Wednesday, 26 November 2014

Review: Lost 3.20: The Man Behind The Curtain
Ickle Ben meets Horace Goodspeed in 1972.
From Wikia
Lost - Season Three, Episode Twenty - The Man Behind The Curtain
Written 21/3/14

Benjamin Linus has, until this point in the series, been more or less portrayed as an all-knowing entity whose power of manipulation over the Islanders reaches near superhuman levels. Every time it's appeared that he was ignorant of something, it turns out that he's factored it into his plan. He lies, he bluffs - everything he does is part of his grand plan to maintain power and control over those around him; a common theme this season. This, Ben's first centric episode, shatters that illusion almost entirely. Not only do we see the origins of this disturbed little man as a young member of the DHARMA initiative (lots of Season Five cameos here :D), but we see John Locke so thoroughly tear him apart that he loses all sense of calm. It is a tour-de-force for Michael Emerson and one of this season's most powerful episodes.

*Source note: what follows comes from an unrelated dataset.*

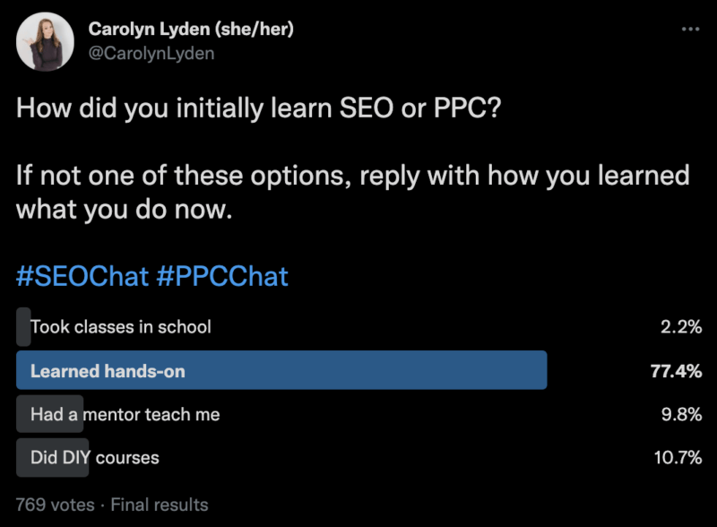 不久前,我做了一个非正式的 Twitter 民意调查,询问人们是如何学习搜索营销的。 只有 10% 的搜索营销人员有导师指导他们:

      Locke returns to The Others' camp with his dad's body and demands to see Jacob, the man whom the Others revere as a leader. A returning Mikhail gives Ben time to make excuses, but Locke is not having any of his bullshit - he beats Mikhail to a pulp to make that very point. Ben takes Locke out into the jungle, and along the way Locke questions his knowledge about the Island - he thinks that he's a fraud. A visit to a mysterious cabin in the jungle sees Ben initially appear as a complete actor - but then there's a voice in the cabin that only Locke can hear. Ben briefly explains his DHARMA initiative origins as he takes Locke to the mass-grave of victims from The Others' purge of the DHARMA society and shoots him in the side, explaining that "Jacob" has never spoken to him. In the Survivors' camp, Jack reveals that he knows about Juliet's secret mission and that together they have orchestrated a plan to prevent them from taking the pregnant women.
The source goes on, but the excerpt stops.